I'm getting ready to apply to residencies and this brings to the forefront a few things.
First, I really don't want to work for a religious institution. I think. Probably. Or at least not a particularly prevalent one that runs an awful lot of health care establishments. Think hospitals named after saints and you've got the right idea. I'm too lazy to disguise the name of this particular religion and I don't want to invite a legion of angry commenters here by using its name.
My major reason for not wanting to work for one of these institutions is the disservice done to women in the face of obstetric problems. Nobody with pPROM who wants labor induced should have to wait until signs of infection to do so. Nobody with an ectopic should have her tube removed because using the standard of care medication amounts to an "indirect ab.orti.on." I'm perfectly content to let anyone think whatever they want and use their own thoughts to decide on appropriate obstetric treatments for themselves, but I absolutely don't want a hospital to prevent a woman from getting appropriate care for any reason.
It gets a bit more complex though. I live in an area where the closest non-this-faith-based hospital is an hour and a half away across state lines. I don't think the hospitals nearer are doing any terrible things most of the time. They're just the only hospitals around and they happen to be run by some extension of this particular faith. The level to which they subscribe to the official doctrine varies but it isn't one of those things it's easy to ask before you work somewhere.
My personal job acceptance line has been "absolutely no job is worth having at a certain big blue box store" and "if at all possible, a job at a giant red pharmacy chain should be avoided." Beyond that I'd consider myself open but I continue to have mixed feelings about even considering such a religious institution while finding that an awful lot of the places that are otherwise appealing are also religiously affiliated... I'm continuing to consider the merits of maintaining my line as previously defined or to change my values to allow for working for a health system that has a faith-based sponsor.
Then I wonder if I'm compromising too much. There are lots of places similar to this one that we could move to that have secular health systems where I could work.
Second is that I am more likely to get a really satisfying job in a community pharmacy if I take a job offer sooner rather than later. Specifically the job interviewing season is starting in November and my classmates who work for a big chain are starting to be offered jobs there already. I really feel like we live in a decent place now and it would be nice to stay put if we can manage it, but that means working for a faith-based hospital system or getting a job with a chain community pharmacy.

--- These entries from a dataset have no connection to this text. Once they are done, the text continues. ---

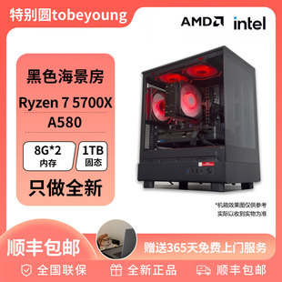 A580黑色海景房游戏DIY电脑主机 5700X 超强4000元 神机R7
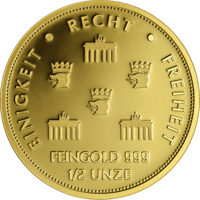 Das Gewicht und die Reinheit des Feingoldes (999/1000) werden durch die Münze Berlin garantiert.
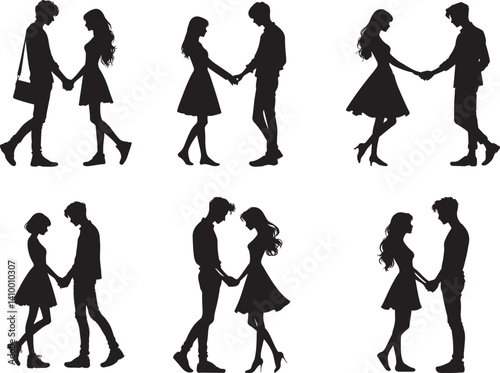 © Simu Store, Fototapeta premium a set of black silhouette couples holding hands in various poses
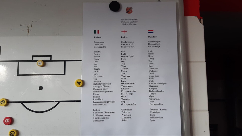 Per Filip volare a nord è stato facile. “Papà è sempre la prima persona con cui parlo: mi spiegò che era la scelta giusta. Poi mi aiuta anche da Belgrado, dove allena. Mio fratello è rimasto a giocare a Milano e la mamma si divide fra noi tre: siamo molto uniti e abituati a viaggiare”. Ma per Gaetano Oristanio, da Vallo della Lucania, era tutt’altra musica. “Very Italian”, di nuovo van Leeuwen, senza bisogno di traduzione. “Protetto dalla famiglia, zero inglese: per lui già Milano era un abisso culturale, figuriamoci l’Olanda. Ci sono volute settimane per convincerlo, anche grazie all’Inter e al feedback di Mulattieri. Ma sapete quante trattative fanno saltare le mamme dei calciatori?”. C’è del vero in certi stereotipi. “E vanno superati con pazienza”. Il dirigente si alza e ci accompagna negli spogliatoi: “Vedete?”. Appeso al muro, vicino alla lavagnetta, c’è un piccolo glossario calcistico italiano-inglese-olandese. Con tanto di Welkom Gaetano: “È il nostro modo per aiutarlo, oltre a un insegnante privato. Questo ragazzo ha una classe cristallina da liberare: deve ambientarsi, strutturarsi fisicamente ma poi non sorprendetevi se fra un paio di mesi esplode. Sono rari, esterni così creativi a 19 anni. E con la fame degli italiani”.
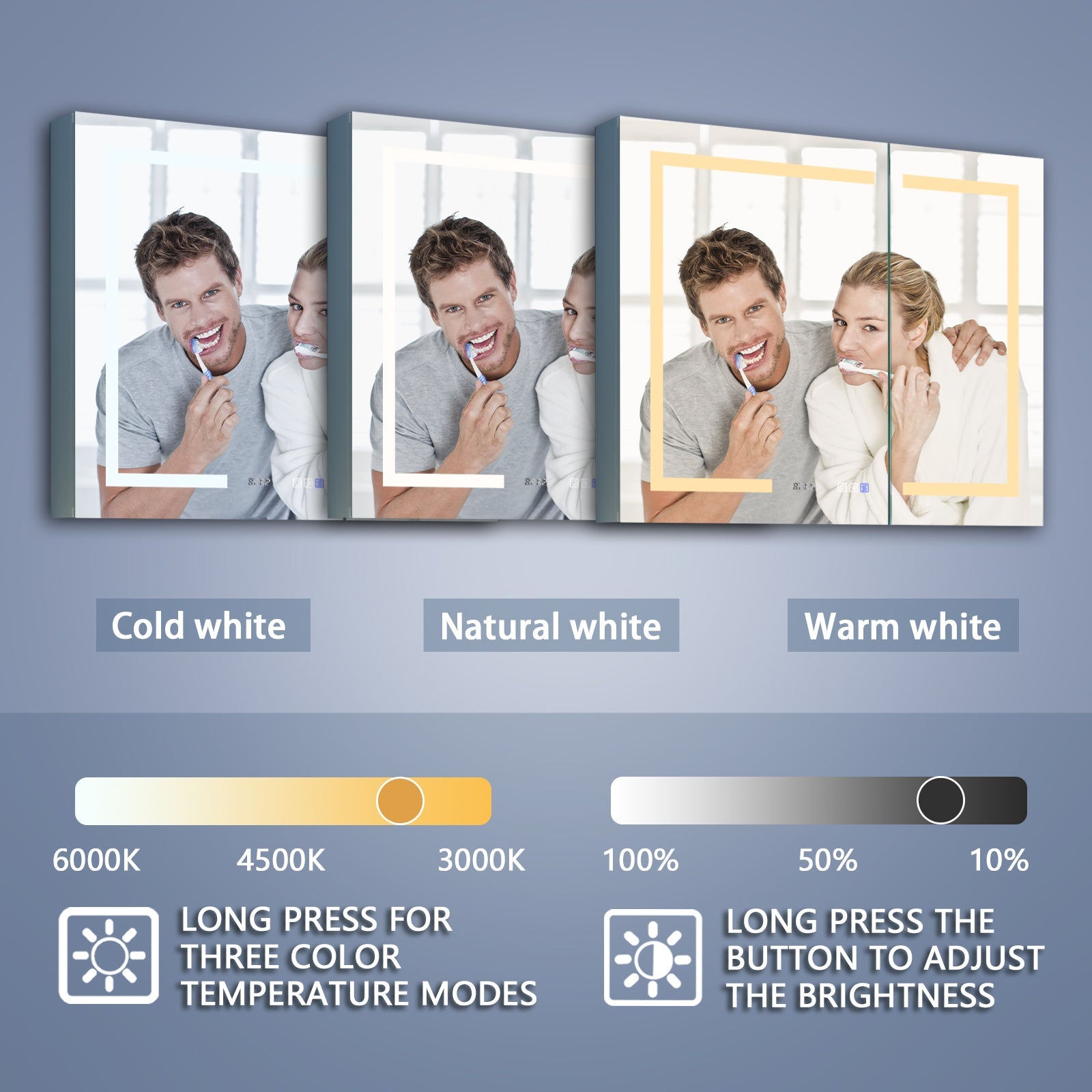 Boost-M1 36" W x 30" H LED Lighted Bathroom Medicine Cabinet with Mirror Recessed or Surface Mounted LED Medicine Cabinet
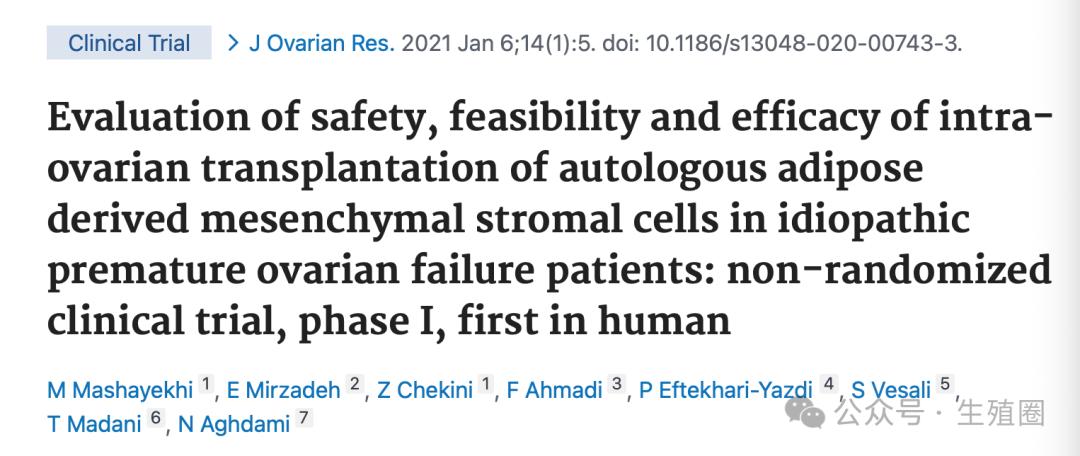 Evaluation of safety, feasibility and efficacy of intra-ovarian transplantation of autologous adipose derived mesenchymal stromal cells in idiopathic premature ovarian failure patients: non-randomized clinical trial, phase I, first in human. J Ovarian Res. 2021 Jan 6;14(1):5. doi: 10.1186/s13048-020-00743-3.
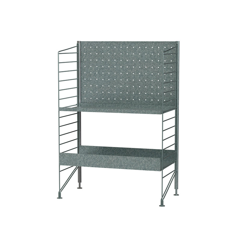 Esta combinación de dos secciones montada en suelo se ha diseñado para uso al aire libre. La superficie de los paneles y los estantes galvanizados cambia con el tiempo ofreciendo una bonita pátina. La combinación de estantes de borde alto y bajo aporta carácter a la unidad.
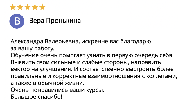 Помимо индивидуального консультирования - я провожу командный коучинг, трекинг, тренинги SOFT SKILLS, стратегические сессии и тимбилинги для компаний. Помогаю развивать управленческие компетенции, готовлю руководителей для подготовки стратегий, выступлений перед органами власти и инвесторами.

Third is that I'm trying to avoid just going with the flow, or seeming to just go with the flow. My plan is to cultivate a few possible paths, to explore even the ones that are scary and that I'm likely to fail at, and to be on the look out for the ideal opportunity that is the right fit. I'm sure that I will know it when it arrives but I am impatient as ever. I want the certainty of saying, "Here are my career goals and I really want to meet them and I clearly see how I can accomplish that" instead of the liminal space that exists now where I have some pretty good ideas for what I'd like to do but I am unsure which direction is the right one for me, for us. If things go perfectly smoothly, I would love to work in a hospital doing clinical and technical pharmacy. If things go in another direction, I'd be very happy working in a community pharmacy. If things go in a third direction, I'd really enjoy working in an ambulatory setting.
So I guess I know what I'd like most but I'm not sure how to articulate the "I don't commit to one way yet because I don't trust my certainty of my own judgment" place that I'm in. I stick with the next right thing and I do that and then I do the next right thing after that. If I try to plan for years ahead I usually am wrong because I skipped that next right thing in favor of dreaming.